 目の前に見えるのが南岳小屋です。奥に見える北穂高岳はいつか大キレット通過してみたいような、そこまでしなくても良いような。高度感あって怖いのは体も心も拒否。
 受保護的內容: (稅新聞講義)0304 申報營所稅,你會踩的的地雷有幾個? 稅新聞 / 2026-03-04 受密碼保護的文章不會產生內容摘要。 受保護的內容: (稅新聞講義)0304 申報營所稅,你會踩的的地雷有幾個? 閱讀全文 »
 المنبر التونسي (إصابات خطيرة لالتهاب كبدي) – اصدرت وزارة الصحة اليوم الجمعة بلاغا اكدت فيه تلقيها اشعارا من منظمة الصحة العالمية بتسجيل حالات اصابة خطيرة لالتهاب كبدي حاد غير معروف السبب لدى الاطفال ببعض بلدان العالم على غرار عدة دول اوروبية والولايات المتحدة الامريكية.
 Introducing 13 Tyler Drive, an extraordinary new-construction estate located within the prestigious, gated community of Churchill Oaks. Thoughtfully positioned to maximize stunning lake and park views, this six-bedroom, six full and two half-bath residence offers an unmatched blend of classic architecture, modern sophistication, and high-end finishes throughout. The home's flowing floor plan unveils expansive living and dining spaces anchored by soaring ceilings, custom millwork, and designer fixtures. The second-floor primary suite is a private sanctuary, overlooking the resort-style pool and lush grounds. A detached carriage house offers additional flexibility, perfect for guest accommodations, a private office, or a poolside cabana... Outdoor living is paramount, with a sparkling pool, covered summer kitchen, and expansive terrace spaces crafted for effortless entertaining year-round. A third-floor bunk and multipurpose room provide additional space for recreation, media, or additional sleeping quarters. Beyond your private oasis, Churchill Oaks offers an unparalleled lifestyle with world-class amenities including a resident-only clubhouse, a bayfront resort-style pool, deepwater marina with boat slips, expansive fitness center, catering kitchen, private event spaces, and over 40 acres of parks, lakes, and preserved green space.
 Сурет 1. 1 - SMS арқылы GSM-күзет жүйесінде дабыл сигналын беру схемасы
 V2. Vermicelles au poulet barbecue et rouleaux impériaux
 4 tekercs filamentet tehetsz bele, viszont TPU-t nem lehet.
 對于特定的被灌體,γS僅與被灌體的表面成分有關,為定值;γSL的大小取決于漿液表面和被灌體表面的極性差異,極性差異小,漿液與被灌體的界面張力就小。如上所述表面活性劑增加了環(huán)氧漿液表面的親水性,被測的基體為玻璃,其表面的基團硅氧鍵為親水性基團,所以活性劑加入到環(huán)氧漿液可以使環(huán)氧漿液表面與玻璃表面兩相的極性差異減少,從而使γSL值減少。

==

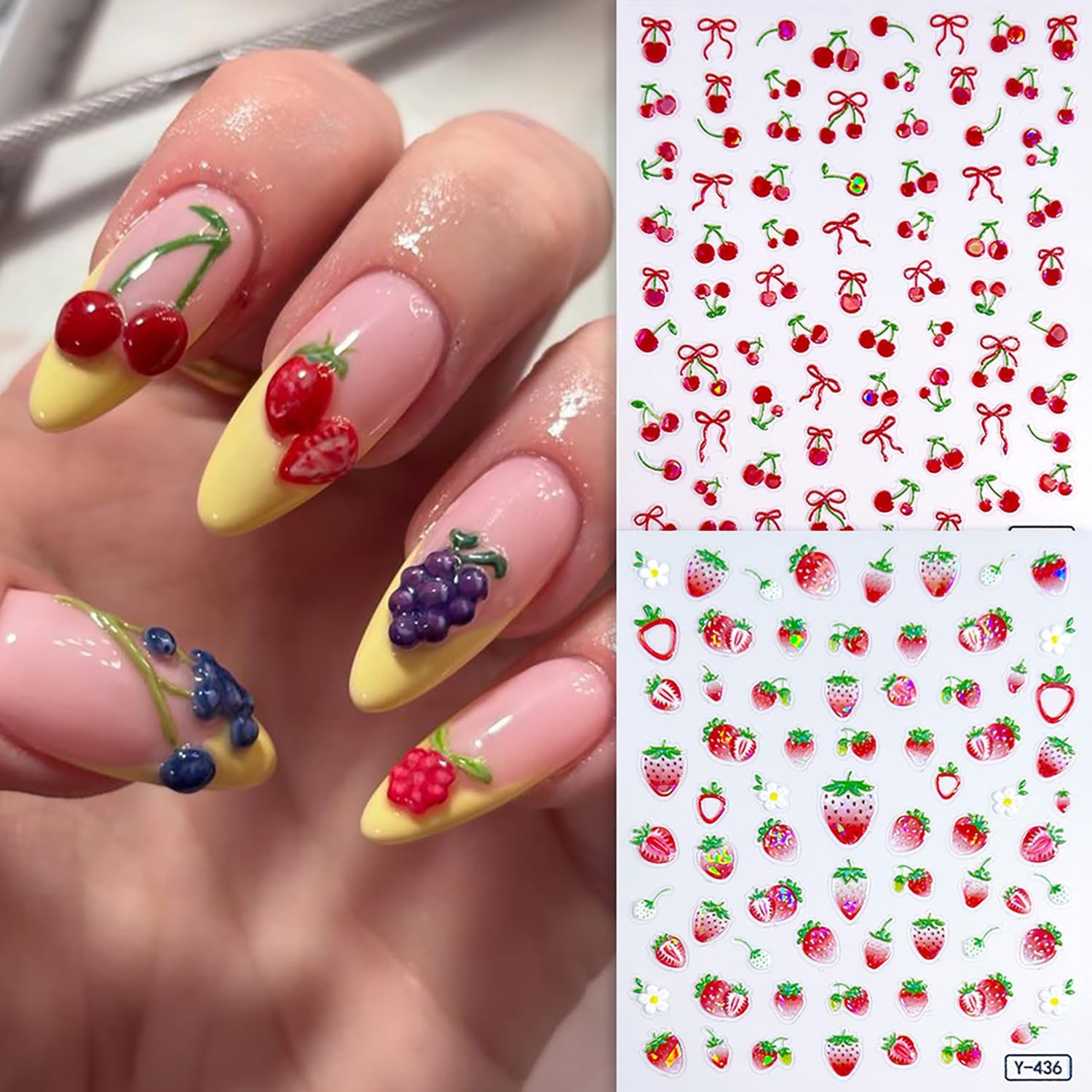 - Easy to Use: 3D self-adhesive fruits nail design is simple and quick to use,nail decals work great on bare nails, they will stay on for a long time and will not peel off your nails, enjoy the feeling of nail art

...

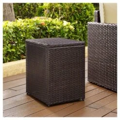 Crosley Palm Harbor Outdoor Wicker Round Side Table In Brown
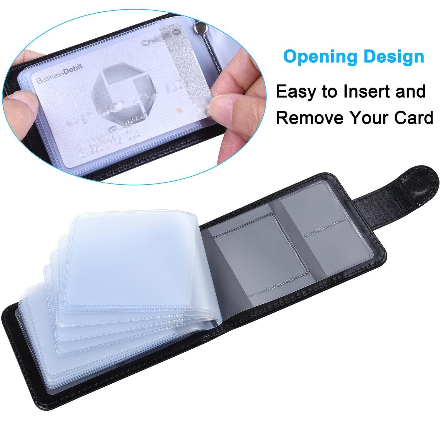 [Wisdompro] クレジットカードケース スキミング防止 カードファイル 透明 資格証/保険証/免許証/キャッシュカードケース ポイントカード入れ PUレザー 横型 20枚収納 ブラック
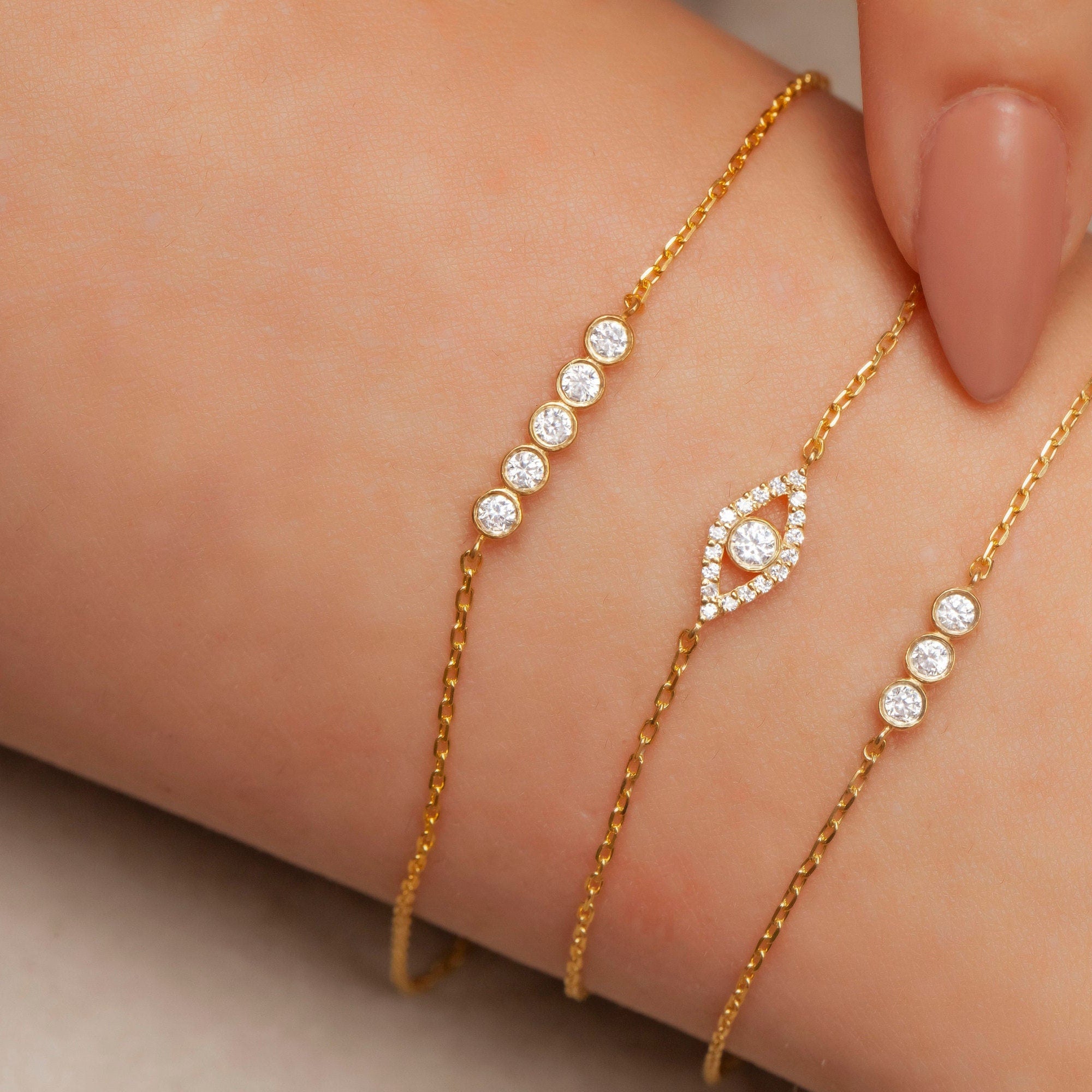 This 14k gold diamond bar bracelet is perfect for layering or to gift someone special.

▸ Problem to work on: Copy out precisely the lines from the line with "Сурет 1. 1 - SMS" to the line with "對于特定的被灌體,γS僅與被" in the material above, including those two lines and omitting all the rest.

▸ Response to this exercise:
 Сурет 1. 1 - SMS арқылы GSM-күзет жүйесінде дабыл сигналын беру схемасы
 V2. Vermicelles au poulet barbecue et rouleaux impériaux
 4 tekercs filamentet tehetsz bele, viszont TPU-t nem lehet.
 對于特定的被灌體,γS僅與被灌體的表面成分有關,為定值;γSL的大小取決于漿液表面和被灌體表面的極性差異,極性差異小,漿液與被灌體的界面張力就小。如上所述表面活性劑增加了環(huán)氧漿液表面的親水性,被測的基體為玻璃,其表面的基團硅氧鍵為親水性基團,所以活性劑加入到環(huán)氧漿液可以使環(huán)氧漿液表面與玻璃表面兩相的極性差異減少,從而使γSL值減少。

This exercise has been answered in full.